Extracted data entries:
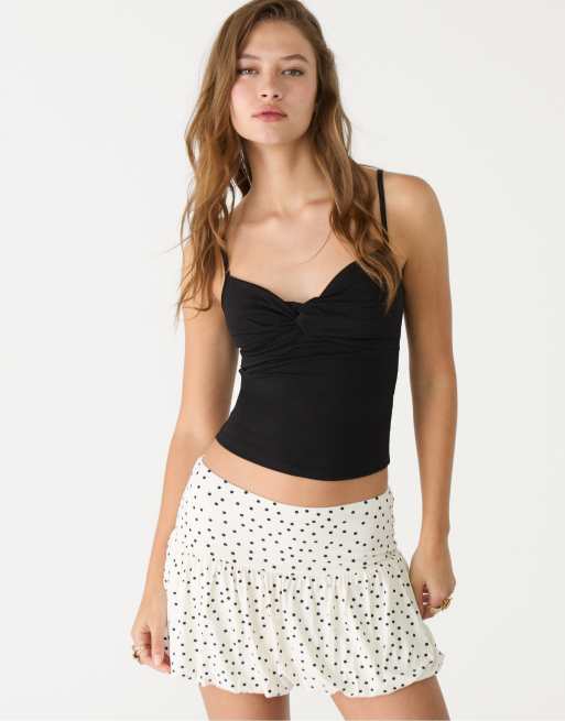 Stradivarius - Top à bretelles fines et détail noué - Noir
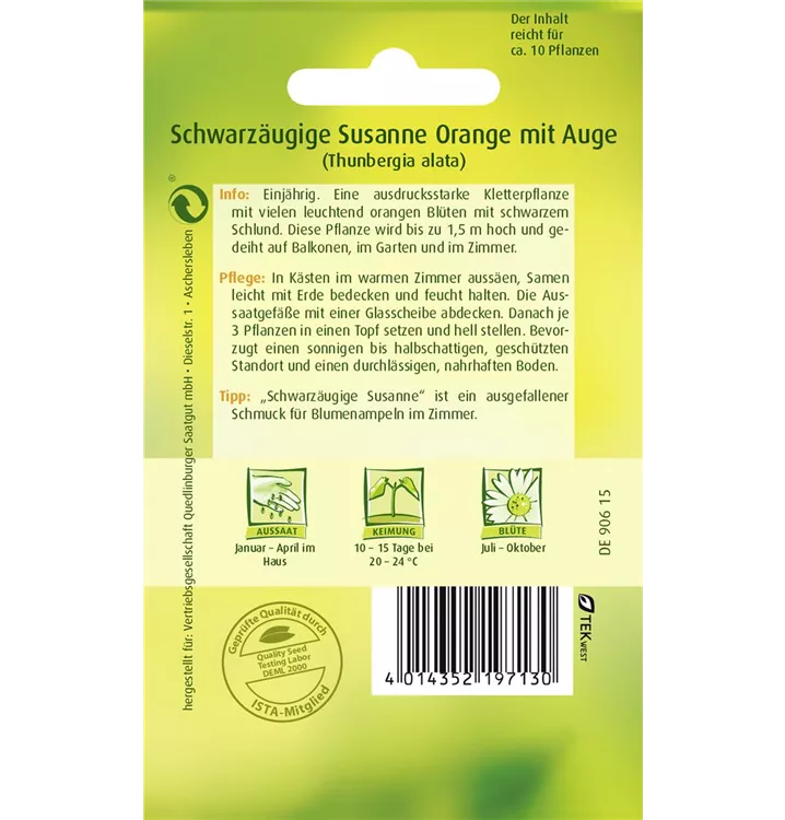 Die Schwarzäugige Susanne, orange (Thunbergia alata) ist eine beliebte Pflanze für den Balkon, die während der gesamten Saison unzählige orangefarbene Blüten bildet. Die mittelgrünen Blätter sind herzförmig. Ein sonniger bis halbschattiger Standort und ein durchlässiges Substrat werden bevorzugt.
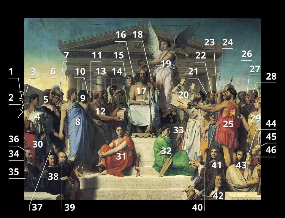 호메로스를 둘러싼 인물들은 시, 철학, 미술, 음악 등 서양 고전문화의 주요 위인들로, 고대와 근세, 그리고 초기 근대 인물이 한데 모여 있는 것이 특징입니다. 예를 들면 오른쪽에는 조각가 피디아스가 망치를 들고 있는 모습으로 등장하고, 그의 옆에는 황금 투구를 쓴 페리클레스, 그리고 황금 갑옷을 입은 알렉산더 대왕이 자리합니다. 왼쪽에는 단테. 미켈란젤로, 라파엘로, 푸생, 볼테르 등 후대의 문학가, 화가, 음악가까지 배열됨으로써 , 이 그림 자체가 서양 문화 계보도의 시각적 표현이 됩니다.
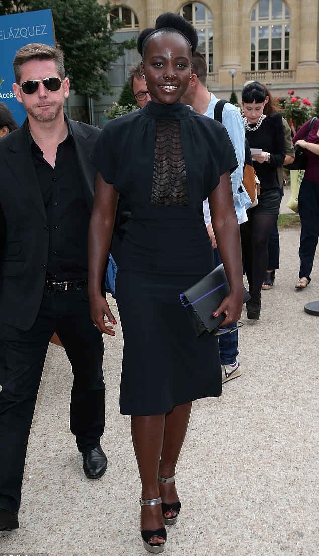 Lupita Nyong’o also indulged in some Paris Haute Couture as she was spotted at the Martin Margiela Fall 2015 show in a black dress from the brand’s Resort 2015 collection. The sophisticated piece boasts a sheer chest panel and cap sleeves. Silver and black platforms finished off her sleek look. Yes!
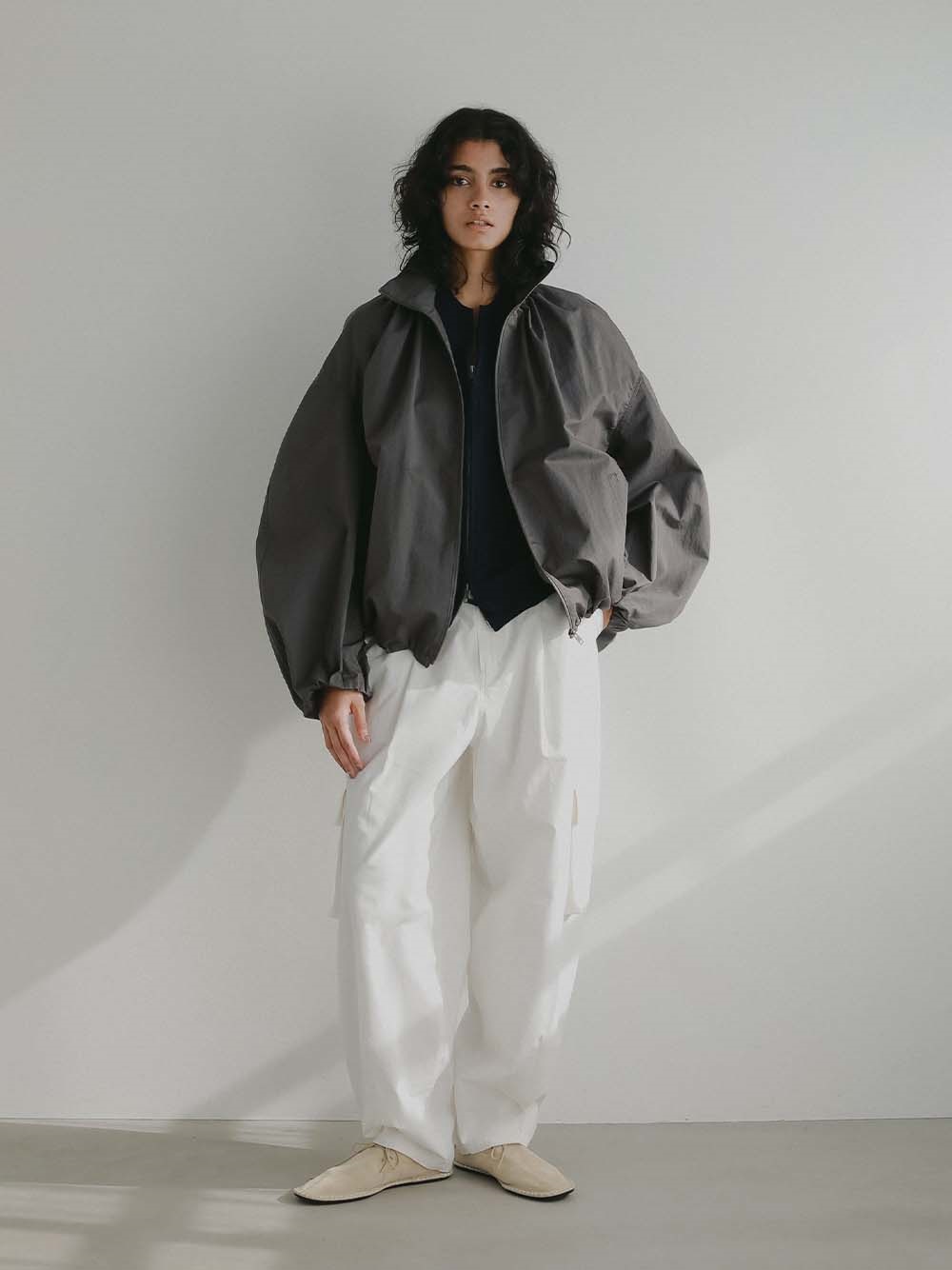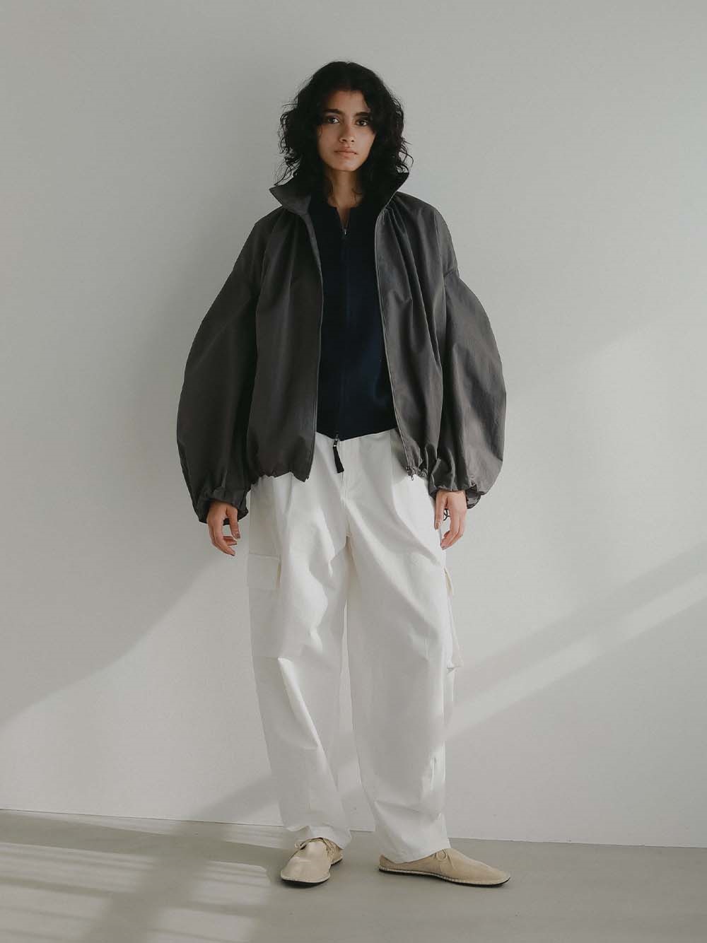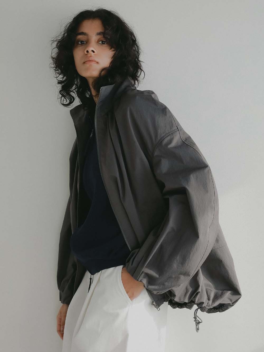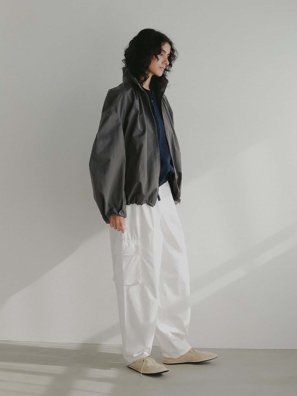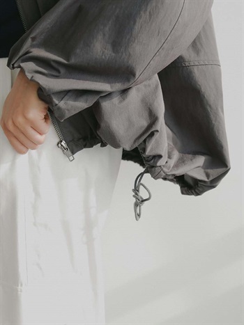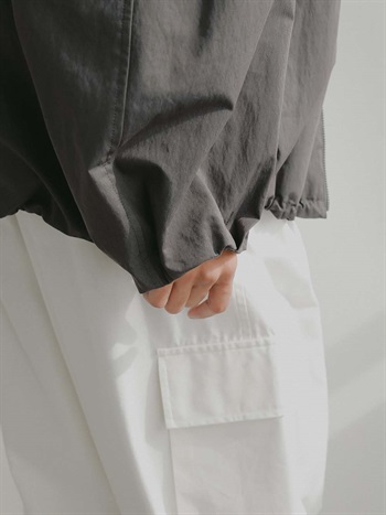 裾のゴムコードを絞ることでよりシルエットが際立つので絞って着用をおすすめします。
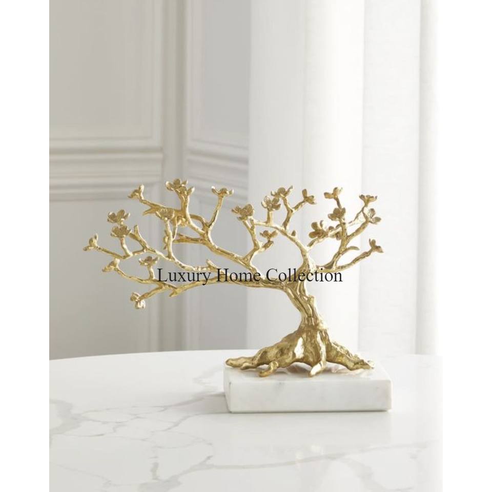 นักออกแบบต้นบอนไซศิลปะสร้างสรรค์สมัยใหม่ชุบทองพร้อมฐานหินอ่อนสีขาวรูปปั้นและวัตถุคุณภาพดีกว่าจากอินเดีย
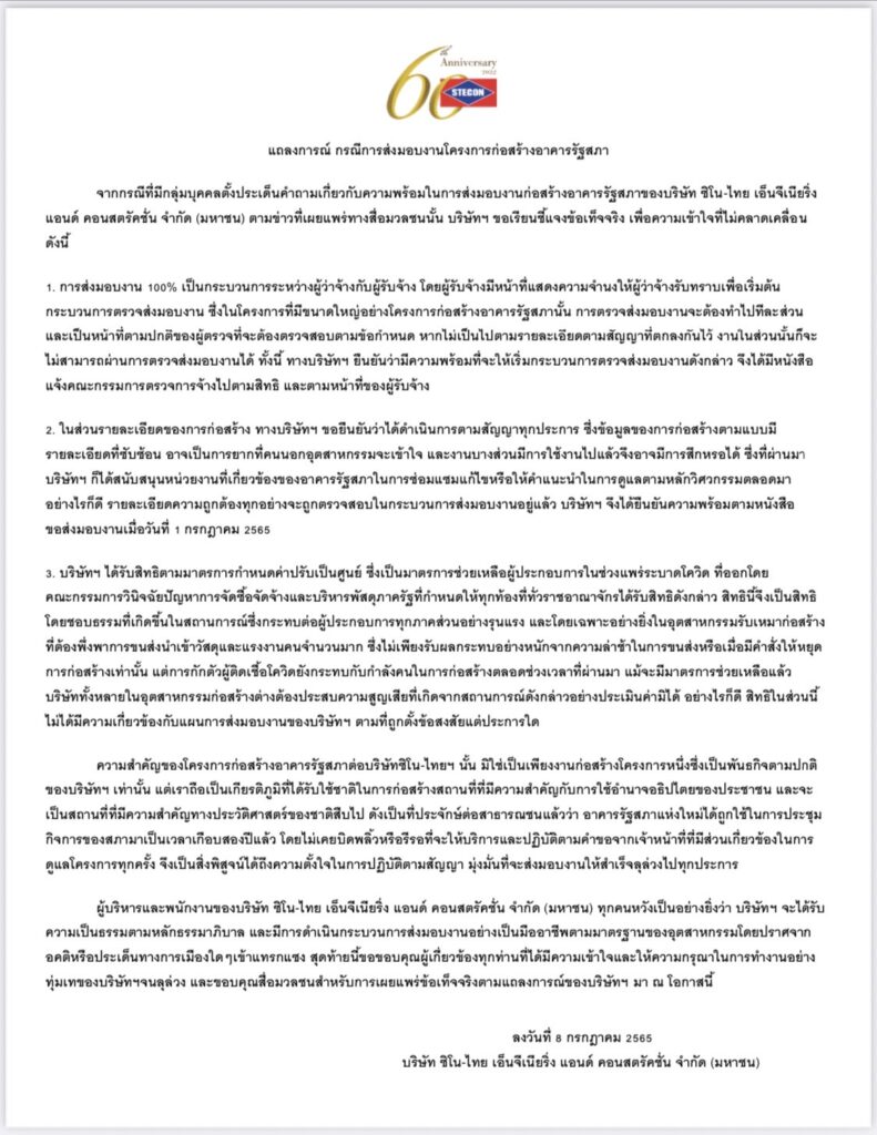 “จากกรณีที่มีกลุ่มบุคคลตั้งประเด็นคำถามเกี่ยวกับความพร้อมในการส่งมอบงานก่อสร้างอาคารรัฐสภาของบริษัท ซิโน-ไทย เอ็นจีเนียริ่ง แอนด์ คอนสตรัคชั่น จำกัด (มหาชน) ตามข่าวที่เผยแพร่ทางสื่อมวลชนนั้นบริษัทฯ ขอเรียนชี้แจงข้อเท็จจริง เพื่อความเข้าใจที่ไม่คลาดเคลื่อน ดังนี้
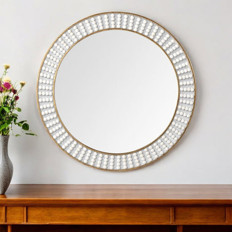 42" Round Gold Metal Frame Wall Mirror With White Wood Beads
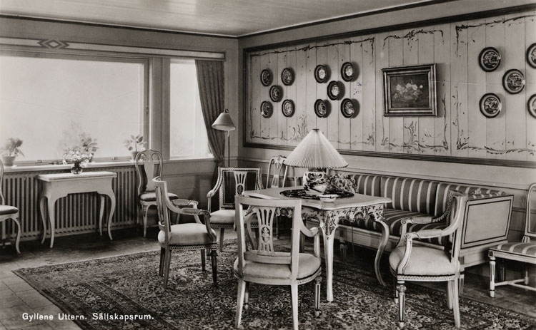 Tryckt text på bilden: "Gyllene Uttern. Sällskapsrum".
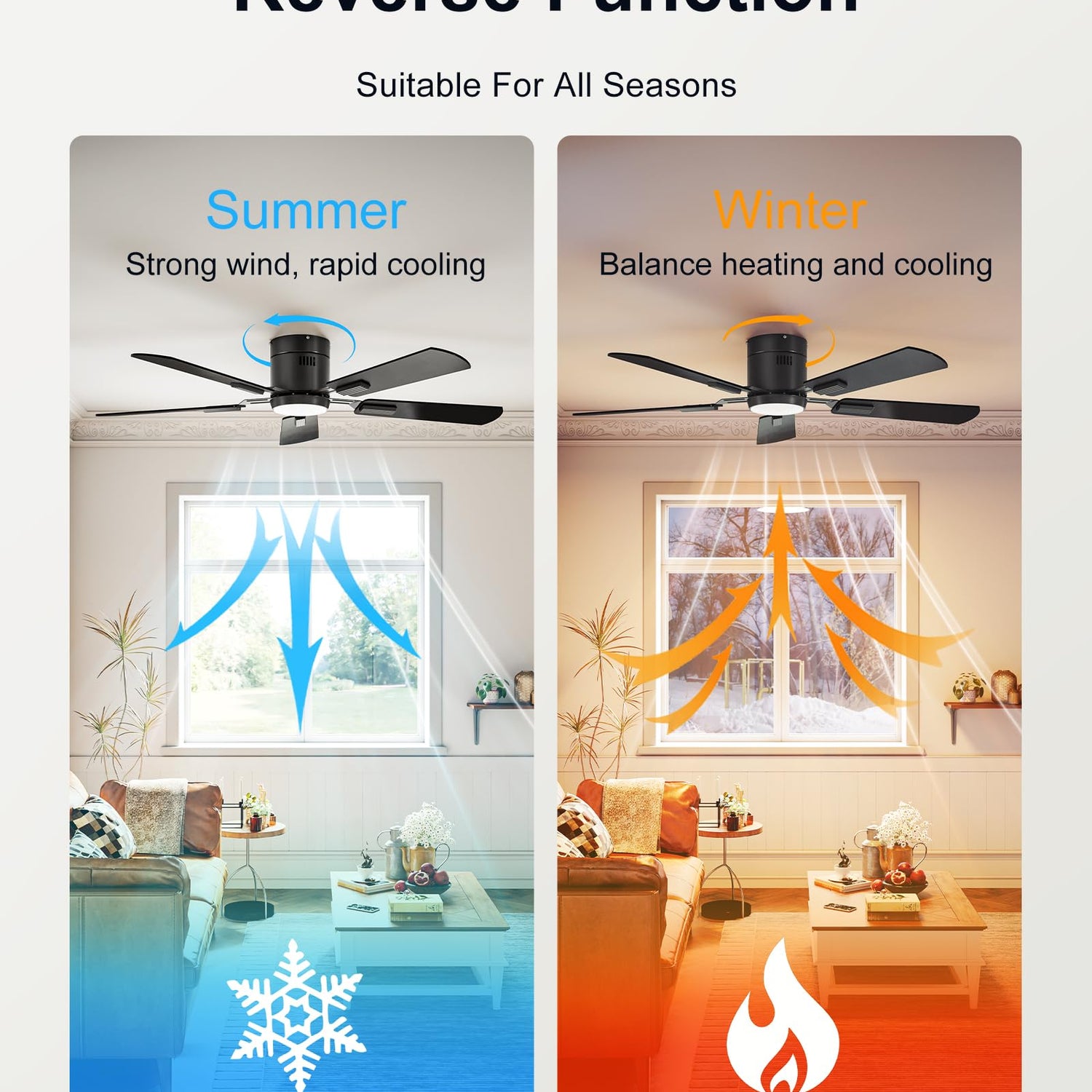 - Super Quiet & Reversible Ceiling Fan : Equipped with a high-quality DC motor that operates quietly at noise levels - 24dB and the option to disable keypress tone, CubiCubi flush mount ceiling fan with lights ensures a serene living environment and comfortable sleep. Its reversible function delivers a refreshing strong breeze in summer and promotes warm air circulation in winter to dissipate the cold.
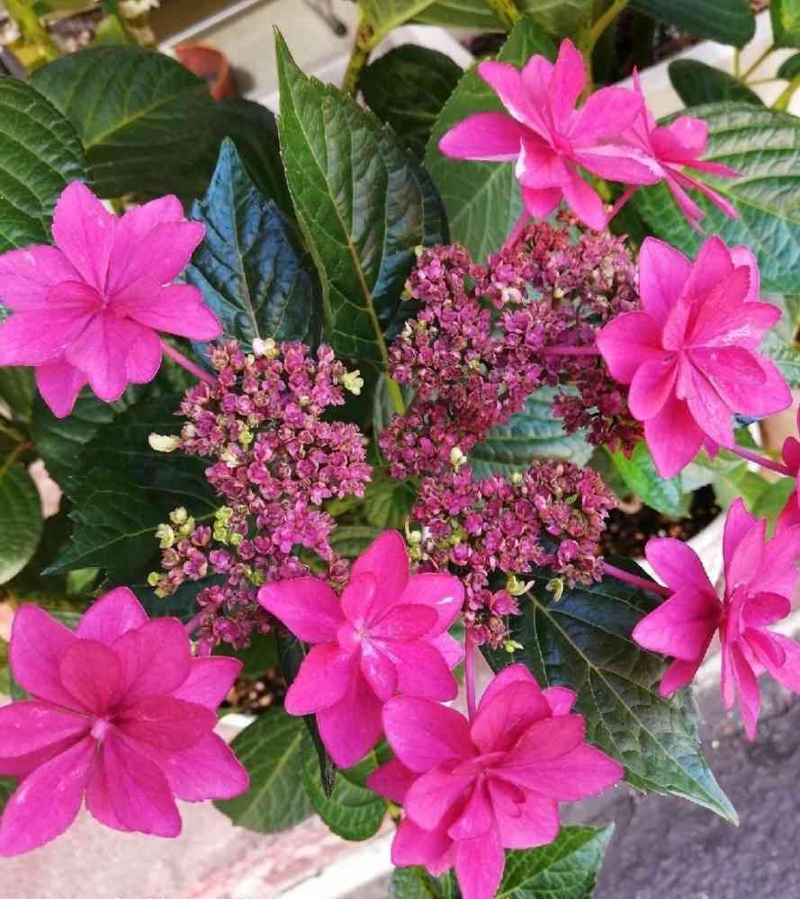 真紅の額あじさい、散歩途中で見かけました〜。
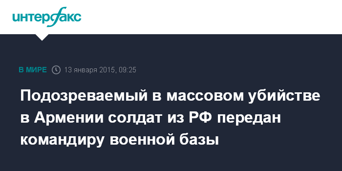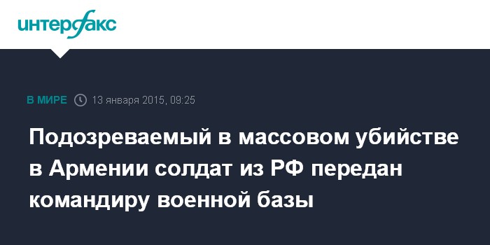Подозреваемый в массовом убийстве в Армении солдат из РФ передан командиру военной базы
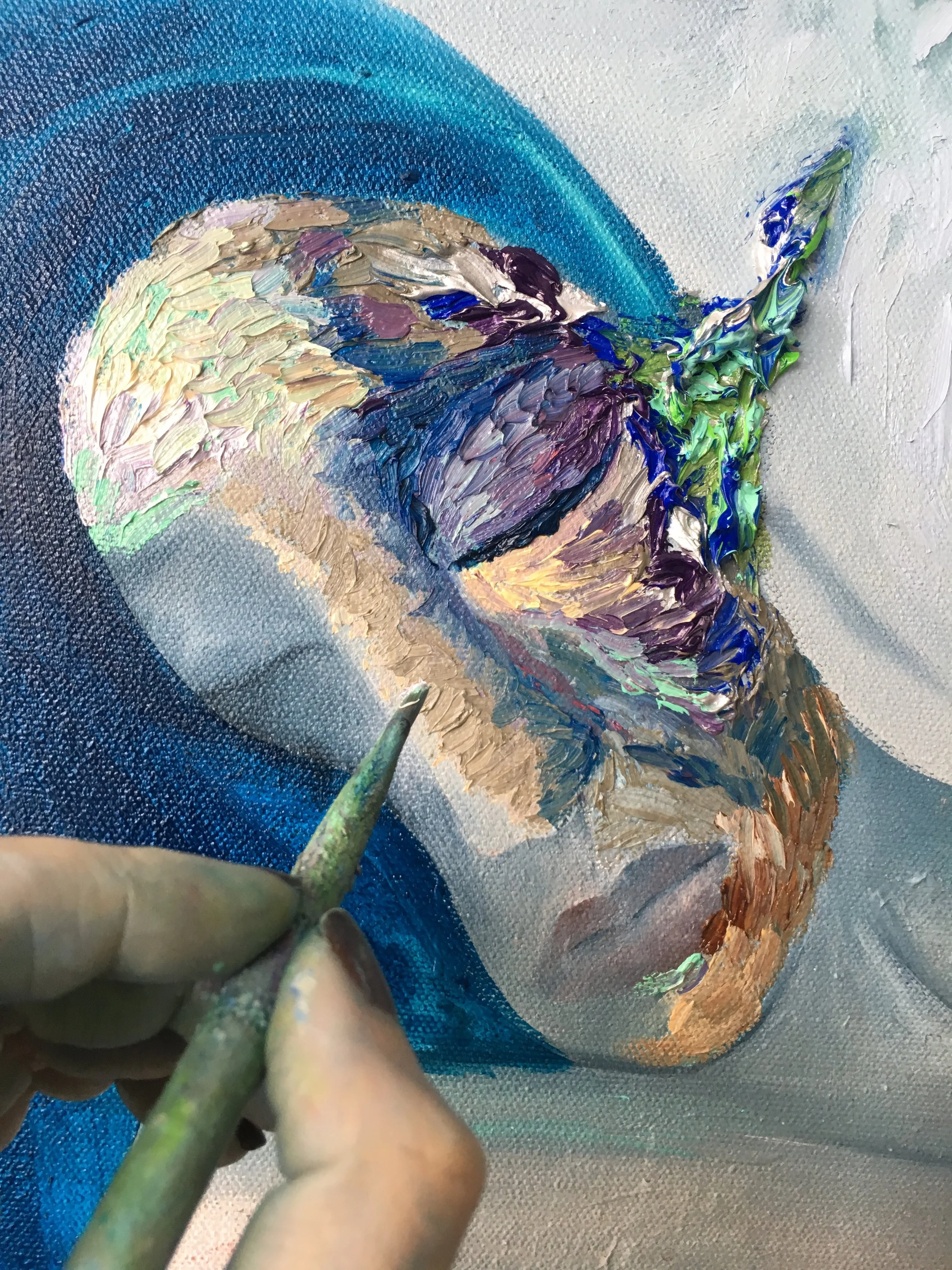 My paintings, installations, and time-based works attempt to dissolve the sovereignty of the human body and open it back into the ecological continuum. My practice unsettles the boundary between inner and outer landscapes, tracing the porous edges where memory, psyche, and ecology converge. Through oil on canvas, watercolor, textiles, and experimental film, I explore how intimacy, grief, and kinship reconfigure our relationship to more-than-human worlds, proposing tenderness and wonder as radical forms of survival.

### TASK PROMPT
Apart from the pictures, repeat every entry exactly.

### EXERCISE RESULT
 Stradivarius - Top à bretelles fines et détail noué - Noir
 Die Schwarzäugige Susanne, orange (Thunbergia alata) ist eine beliebte Pflanze für den Balkon, die während der gesamten Saison unzählige orangefarbene Blüten bildet. Die mittelgrünen Blätter sind herzförmig. Ein sonniger bis halbschattiger Standort und ein durchlässiges Substrat werden bevorzugt.
 호메로스를 둘러싼 인물들은 시, 철학, 미술, 음악 등 서양 고전문화의 주요 위인들로, 고대와 근세, 그리고 초기 근대 인물이 한데 모여 있는 것이 특징입니다. 예를 들면 오른쪽에는 조각가 피디아스가 망치를 들고 있는 모습으로 등장하고, 그의 옆에는 황금 투구를 쓴 페리클레스, 그리고 황금 갑옷을 입은 알렉산더 대왕이 자리합니다. 왼쪽에는 단테. 미켈란젤로, 라파엘로, 푸생, 볼테르 등 후대의 문학가, 화가, 음악가까지 배열됨으로써 , 이 그림 자체가 서양 문화 계보도의 시각적 표현이 됩니다.
 Lupita Nyong’o also indulged in some Paris Haute Couture as she was spotted at the Martin Margiela Fall 2015 show in a black dress from the brand’s Resort 2015 collection. The sophisticated piece boasts a sheer chest panel and cap sleeves. Silver and black platforms finished off her sleek look. Yes!
 裾のゴムコードを絞ることでよりシルエットが際立つので絞って着用をおすすめします。
 นักออกแบบต้นบอนไซศิลปะสร้างสรรค์สมัยใหม่ชุบทองพร้อมฐานหินอ่อนสีขาวรูปปั้นและวัตถุคุณภาพดีกว่าจากอินเดีย
 “จากกรณีที่มีกลุ่มบุคคลตั้งประเด็นคำถามเกี่ยวกับความพร้อมในการส่งมอบงานก่อสร้างอาคารรัฐสภาของบริษัท ซิโน-ไทย เอ็นจีเนียริ่ง แอนด์ คอนสตรัคชั่น จำกัด (มหาชน) ตามข่าวที่เผยแพร่ทางสื่อมวลชนนั้นบริษัทฯ ขอเรียนชี้แจงข้อเท็จจริง เพื่อความเข้าใจที่ไม่คลาดเคลื่อน ดังนี้
 42" Round Gold Metal Frame Wall Mirror With White Wood Beads
 Tryckt text på bilden: "Gyllene Uttern. Sällskapsrum".
 - Super Quiet & Reversible Ceiling Fan : Equipped with a high-quality DC motor that operates quietly at noise levels - 24dB and the option to disable keypress tone, CubiCubi flush mount ceiling fan with lights ensures a serene living environment and comfortable sleep. Its reversible function delivers a refreshing strong breeze in summer and promotes warm air circulation in winter to dissipate the cold.
 真紅の額あじさい、散歩途中で見かけました〜。
Подозреваемый в массовом убийстве в Армении солдат из РФ передан командиру военной базы
 My paintings, installations, and time-based works attempt to dissolve the sovereignty of the human body and open it back into the ecological continuum. My practice unsettles the boundary between inner and outer landscapes, tracing the porous edges where memory, psyche, and ecology converge. Through oil on canvas, watercolor, textiles, and experimental film, I explore how intimacy, grief, and kinship reconfigure our relationship to more-than-human worlds, proposing tenderness and wonder as radical forms of survival.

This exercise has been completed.